A cure for Romesickness


Readjusting to life in Irving

For those who have returned from a semester abroad, it is sometimes difficult not to yearn for Rome. After the joy of trotting across Europe, the north Texas metroplex, for all its two-city sprawl, multi-laned highways and crowded skyline, seems almost constricting. In contrast, the alleys running between piazzas, the micro gelaterias and the neatly tucked away churches of the Eternal City, however narrow in reality, loom massive in memory.

Indeed, Rome makes up for its lack of physical space with its reigning sense of place. A similar sense of place pervades all the major European cities. Each city, steeped in centuries of memory, is personalized by that memory. Thus, one does not merely encounter these cities, but, as it were, befriends them. 

As in friendship, their different temperaments suit different travelers, so much so that a question as simple as “Why was Delphi your favorite Greek city?” may be only deceptively casual. In fact, it can be an intensely personal query, akin to asking why you love a particular friend.

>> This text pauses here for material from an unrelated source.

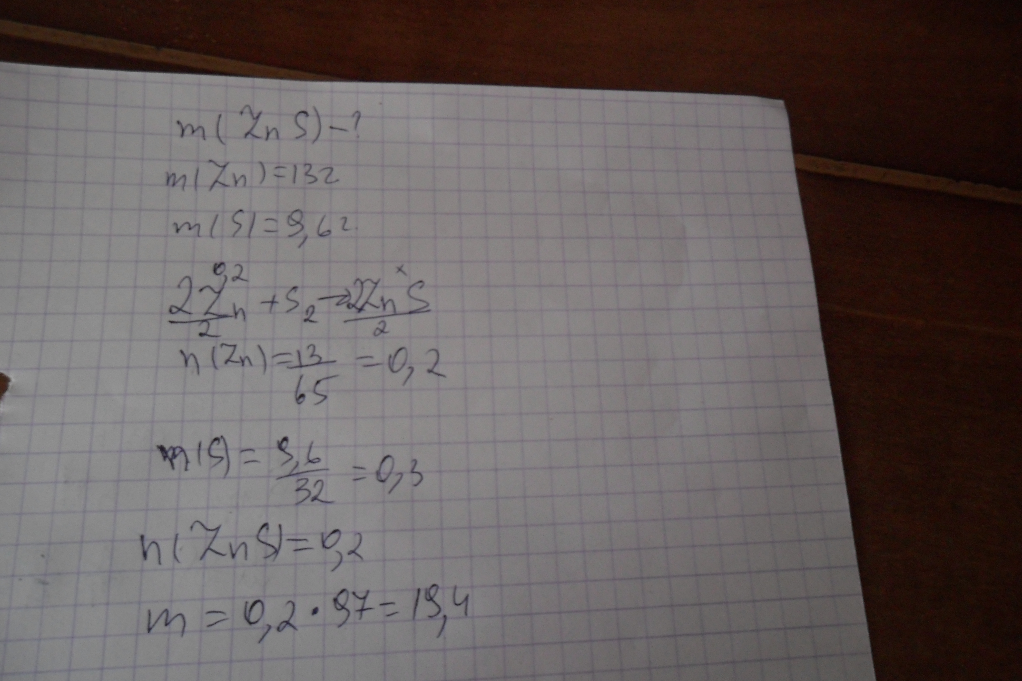 Вычислите массу сульфида цинка, образующегося при взаимодействии 13г цинка с 9,6г серы. Запишите число с точностью до десятых цинка. Спасибо огромное)

The personalities of cities is especially evident — in an odd way — for those who have read and wondered about these cities for years, who, despite living far away, have digested the memories of these cities by consuming their literature and history. To them, the cities they stumble upon are like old family friends who have been absent too long; a vaguely familiar love exists, even if personal “aggiornamento” is required.

 I experienced this sense of old friendship in a particular way in London, where the names of the city sections bore meaning for me beyond what I could have immediately brought to mind. Names like “Soho,” “Charing Cross” and “Piccadilly” struck chords in a brain tuned to the language of Dickens, Wodehouse, Doyle, and Greene. 

These places in London had lived in the literature I had read, but how much deeper the sense of place — the heartfelt peace — in the garden at Les Buissonets where little Thérèse Martin told her father of her resolve to enter Carmel!

Thus, in a sense, the semester abroad is defined by space, space that meaningfully distills itself as place. That is not to say that the temporal loses all significance across the Atlantic. After all, “Ten-day” is obviously defined by its duration. Even in that week and a half, however, the experience is defined primarily by where one goes. 

On the Irving campus, on the other hand, schedules do not shift so freely; time governs. This is only logical. But if space can become personalized, can take on meaning in individual places, is it not possible to transform time in such a way that it becomes meaningful for us in particular moments?

For a moment to be authentic, it must endure in memory long after it ceases to be temporally present, in the same way that a place best discloses its authenticity when it is recalled by someone absent from it. Moments require persons, for only persons can imbue them with enduring meaning. This is the task that lies before us, namely, to accept with our whole persons the moments of time given to us, so that we may both transform them and be transformed in them. To do this, we must not simply move according to schedule, content to reach the weekend, the upcoming break or graduation. 

Instead, we must cherish the moments in which personhood is revealed in its full power: the second in which an intellectual insight takes place, the split-second of mutual understanding caught in the glance of a friend, the blink of an eye before the Blessed Sacrament in which Christ pours forth an abundance of grace.

It is difficult to ignore places, to stand within the all-embracing arms of the piazza of Saint Peter’s and feel unmoved. Too often, though, we let moments escape us. We are beings who exist in time and space; we must personalize both. For those who have already gone abroad, or are looking to go soon, see that as a wonderful opportunity in which the gift of place is explored. But for those who remain in Irving and live, as it were, in a world of time, grasp the gift of each singular moment. 

If we do so, if we truly personalize time and make it meaningful, then, just like a European city whose significance has been acquired only in time, through the persons of poets and saints, this unlikely corner of the world — University of Dallas, Irving Campus — may itself become more of a place, the ground upon which saints and poets walked.